West Midlands economy stagnates as output declines

BUSINESS activity in the West Midlands stagnated during March with latest figures showing the region’s private sector economy stayed exactly on the dividing line between growth and decline.

The latest West Midlands PMI report showed output was static with the Lloyds TSB West Midlands Business Activity Index – which measures the combined output of the region’s manufacturing and service sectors – ending the month at 50.0, down marginally from 50.7 in February.

Any figure above 50.0 represents growth and anything below it, decline.

Activity was flat despite a stronger increase in new business and a further, albeit slower fall in backlogs of work. Companies signalled another modest rise in staffing levels, while rates of input and output price inflation picked up.

The stagnation brought to an end a three-month period of expansion for the private sector. Higher activity at service providers was offset by a decline in manufacturing output. The region performed worse than the UK average, where a moderate increase was signalled.

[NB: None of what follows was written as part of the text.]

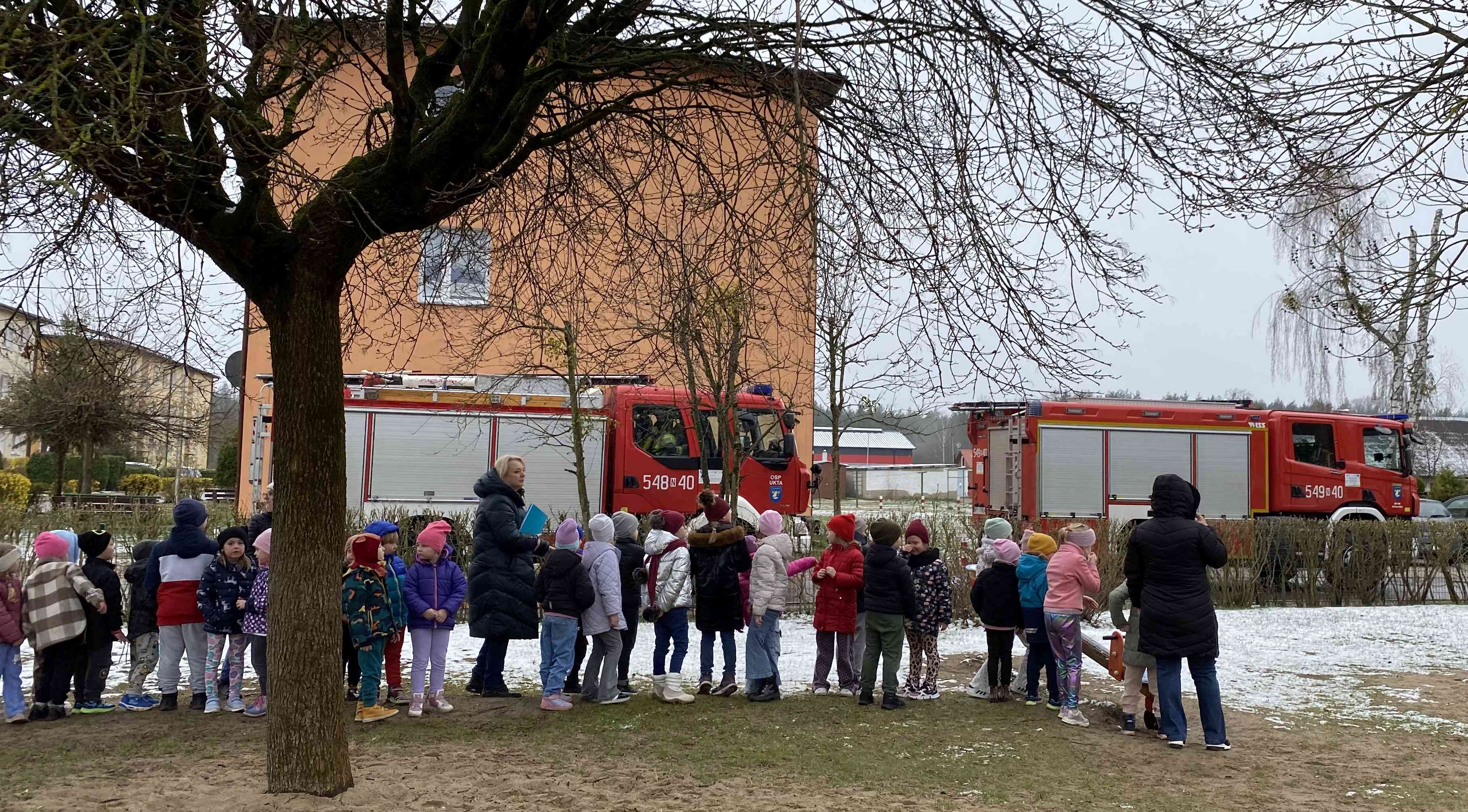 11 kwietnia 2025 roku w Przedszkolu Miejskim „Zielona Kraina” w Rucianem-Nidzie odbyły się ćwiczenia połączone z praktycznym sprawdzeniem warunków i organizacji ewakuacji z obiektu. Organizatorem przedsięwzięcia była Komenda Powiatowa PSP w Piszu we współpracy z Dyrekcją przedszkola. W ćwiczeniach wzięły udział: Jednostka Ratowniczo-Gaśnicza PSP z Pisza oraz jednostki OSP RW z Rucianego-Nidy i OSP z Ukty. Założenie taktyczne polegało na symulowanym pożarze zlokalizowanym na pierwszym piętrze obiektu. Po zakończonych ćwiczeniach dzieci zostały zapoznane z pracą strażaka oraz ze sprzętem strażackim.

Output failed to rise despite a solid increase in the level of new business received by West Midlands companies during March. Growth of new work was the fastest for just under a year, and above the UK average. Panellists compiling the report commented that an improved demand environment and increased client willingness to spend had boosted inflows of new work.

As was the case throughout the first quarter of 2013, payroll numbers in the West Midlands private sector increased during March. That said, the rate of job hiring eased slightly since February and was modest overall. Employment growth was registered in both the manufacturing and service sectors.   

Higher staffing levels helped companies make further inroads into their backlogs of work during the month. Outstanding business was down for an 11th consecutive month, although the pace of decline eased to the weakest since last September.
 
The rate of input price inflation quickened last month, reaching a 10-month high. Panellists commented that sterling’s recent depreciation had raised the cost of imported items. Output prices also increased at a faster pace, with the latest rise the sharpest since September 2011.   
     
Andy Youngman, area director for Lloyds TSB Commercial Banking in Birmingham, said: “While business activity came to a standstill in March, a rise in new work offered reassurance that the underlying situation remains positive for the region’s private sector economy.

“This was backed up by continued job creation across the region, indicating that companies remain confident in their outlook. However, cost pressures increased as the weaker pound led to higher input costs, in turn leading companies to raise the prices charged to consumers.”